TASK TO CARRY OUT:
Write the data out again exactly, with no pictures.

PROVIDED DATA:
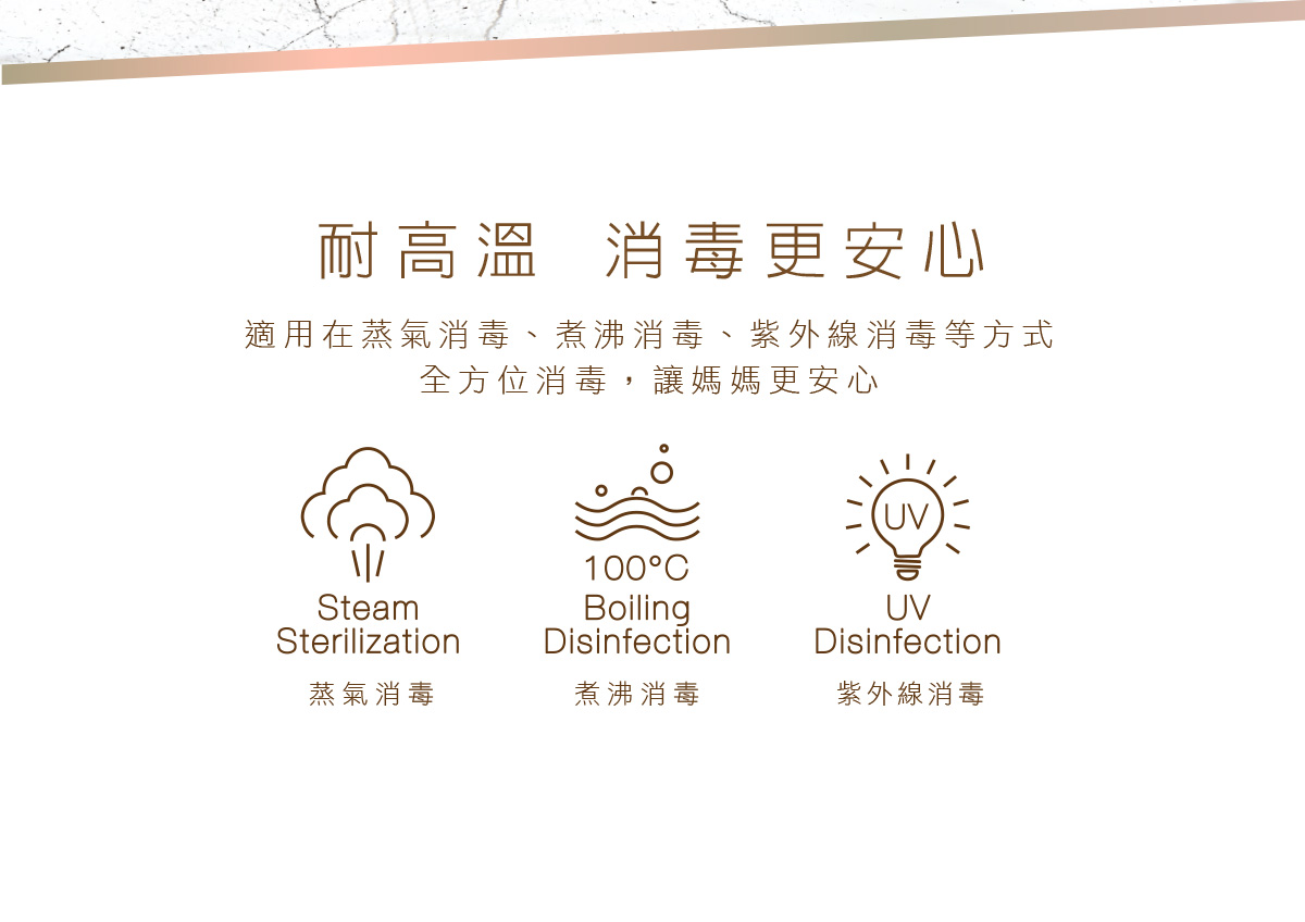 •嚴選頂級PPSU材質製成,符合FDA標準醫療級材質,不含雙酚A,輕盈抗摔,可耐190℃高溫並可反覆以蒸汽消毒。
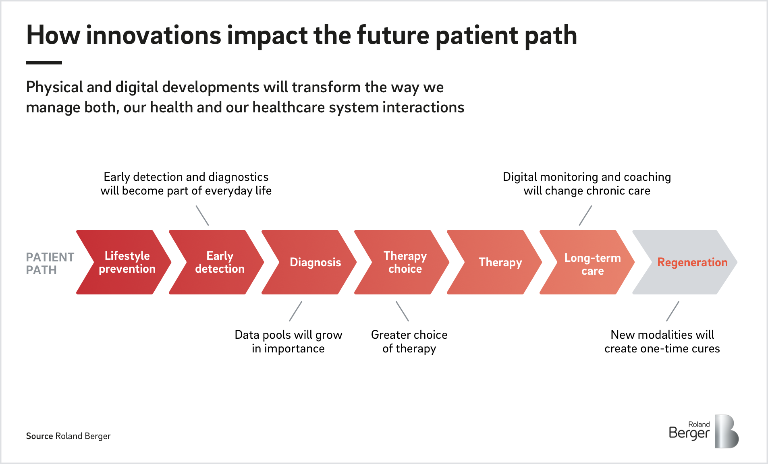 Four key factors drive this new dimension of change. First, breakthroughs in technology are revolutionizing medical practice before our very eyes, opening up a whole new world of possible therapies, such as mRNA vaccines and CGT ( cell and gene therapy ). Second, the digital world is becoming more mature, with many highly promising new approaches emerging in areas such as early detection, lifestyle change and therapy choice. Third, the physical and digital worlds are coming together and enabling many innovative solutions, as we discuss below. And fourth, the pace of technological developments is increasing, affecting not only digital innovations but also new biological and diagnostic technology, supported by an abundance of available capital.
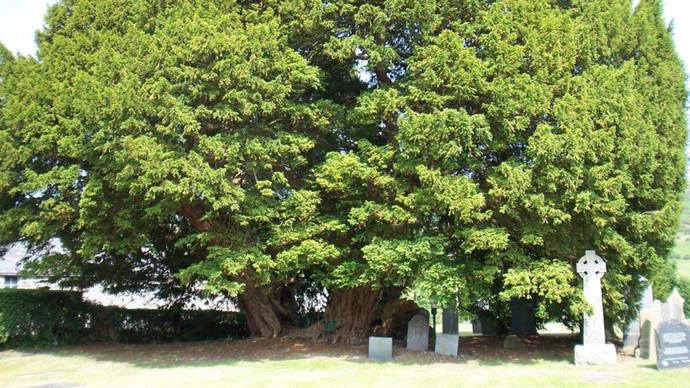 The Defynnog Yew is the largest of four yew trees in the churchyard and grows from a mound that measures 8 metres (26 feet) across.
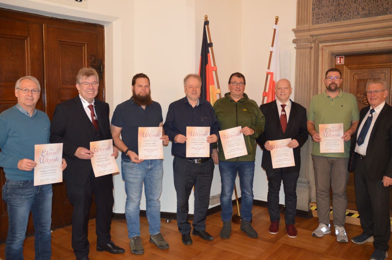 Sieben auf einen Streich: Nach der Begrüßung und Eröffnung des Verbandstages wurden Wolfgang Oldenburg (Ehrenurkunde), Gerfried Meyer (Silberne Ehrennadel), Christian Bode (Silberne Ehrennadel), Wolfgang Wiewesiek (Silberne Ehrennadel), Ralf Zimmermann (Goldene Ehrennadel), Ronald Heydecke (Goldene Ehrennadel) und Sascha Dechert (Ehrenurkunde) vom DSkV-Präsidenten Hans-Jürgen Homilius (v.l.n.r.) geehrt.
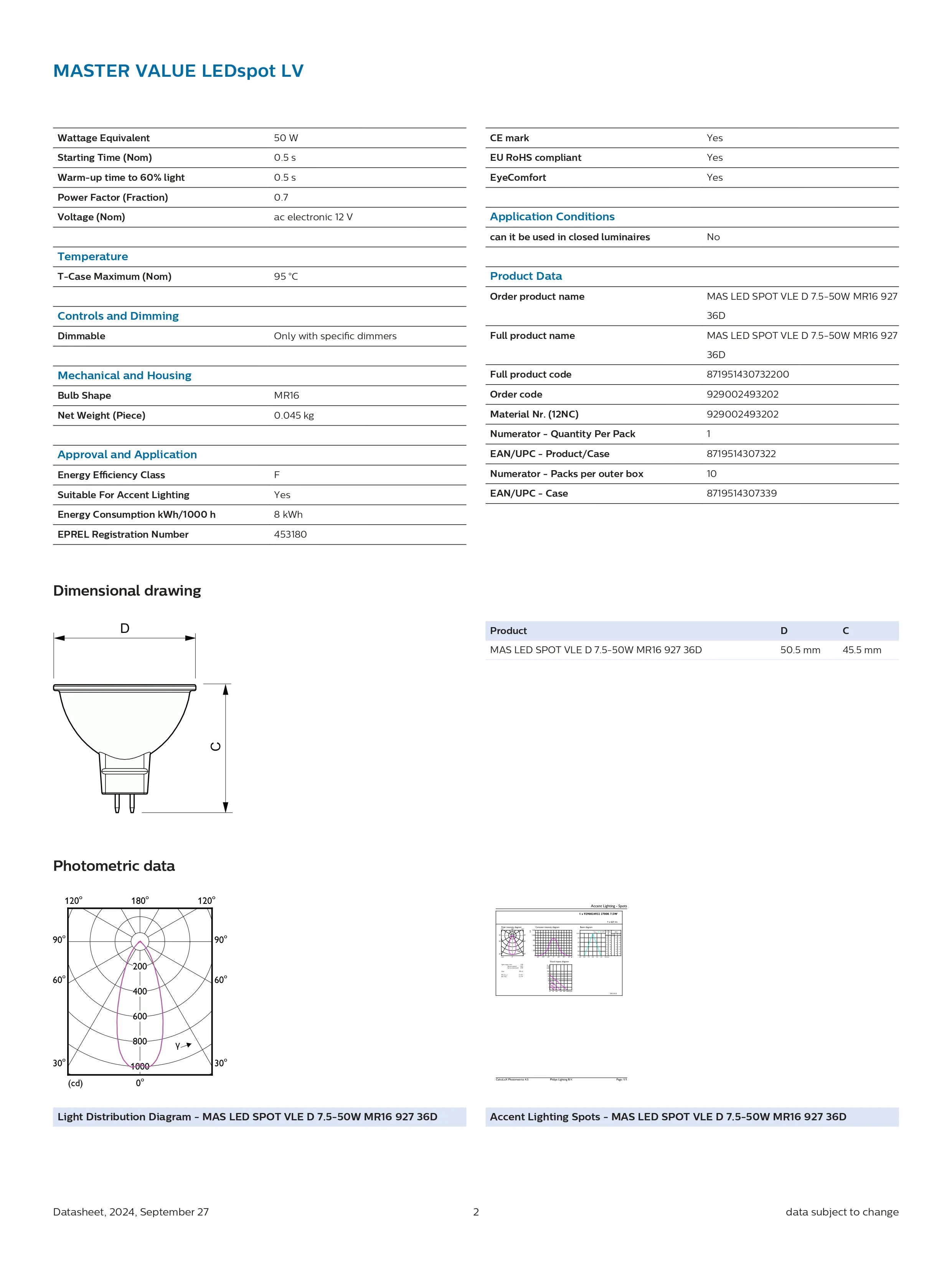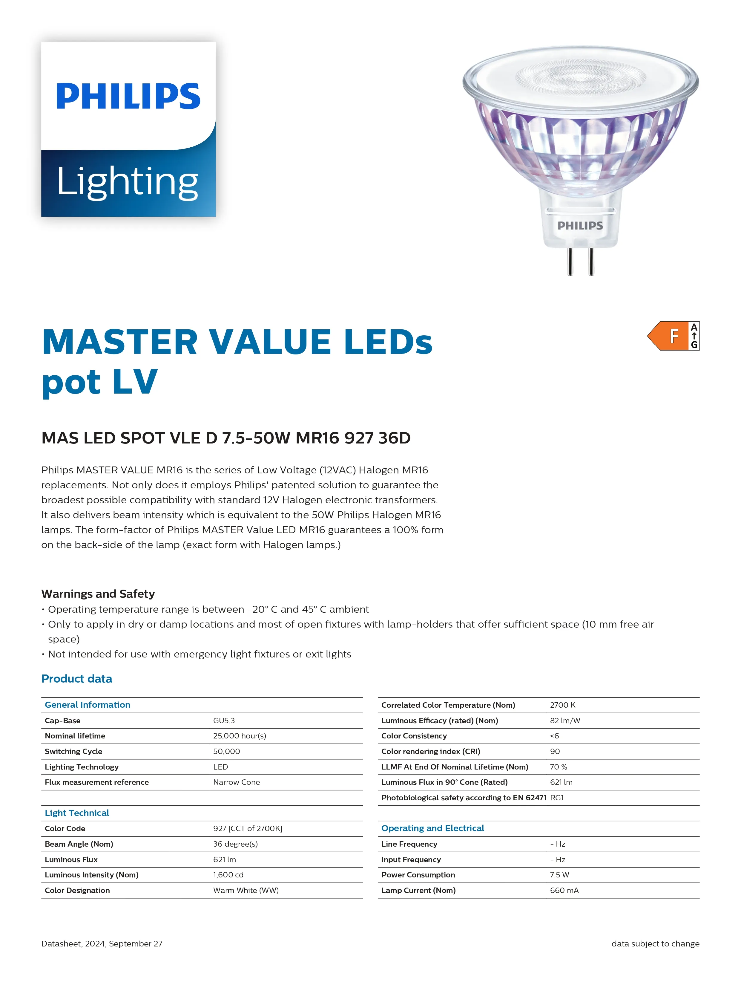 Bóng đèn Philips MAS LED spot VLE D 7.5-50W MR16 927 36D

RESULT FOR THIS EXERCISE:
 •嚴選頂級PPSU材質製成,符合FDA標準醫療級材質,不含雙酚A,輕盈抗摔,可耐190℃高溫並可反覆以蒸汽消毒。
 Four key factors drive this new dimension of change. First, breakthroughs in technology are revolutionizing medical practice before our very eyes, opening up a whole new world of possible therapies, such as mRNA vaccines and CGT ( cell and gene therapy ). Second, the digital world is becoming more mature, with many highly promising new approaches emerging in areas such as early detection, lifestyle change and therapy choice. Third, the physical and digital worlds are coming together and enabling many innovative solutions, as we discuss below. And fourth, the pace of technological developments is increasing, affecting not only digital innovations but also new biological and diagnostic technology, supported by an abundance of available capital.
 The Defynnog Yew is the largest of four yew trees in the churchyard and grows from a mound that measures 8 metres (26 feet) across.
 Sieben auf einen Streich: Nach der Begrüßung und Eröffnung des Verbandstages wurden Wolfgang Oldenburg (Ehrenurkunde), Gerfried Meyer (Silberne Ehrennadel), Christian Bode (Silberne Ehrennadel), Wolfgang Wiewesiek (Silberne Ehrennadel), Ralf Zimmermann (Goldene Ehrennadel), Ronald Heydecke (Goldene Ehrennadel) und Sascha Dechert (Ehrenurkunde) vom DSkV-Präsidenten Hans-Jürgen Homilius (v.l.n.r.) geehrt.
 Bóng đèn Philips MAS LED spot VLE D 7.5-50W MR16 927 36D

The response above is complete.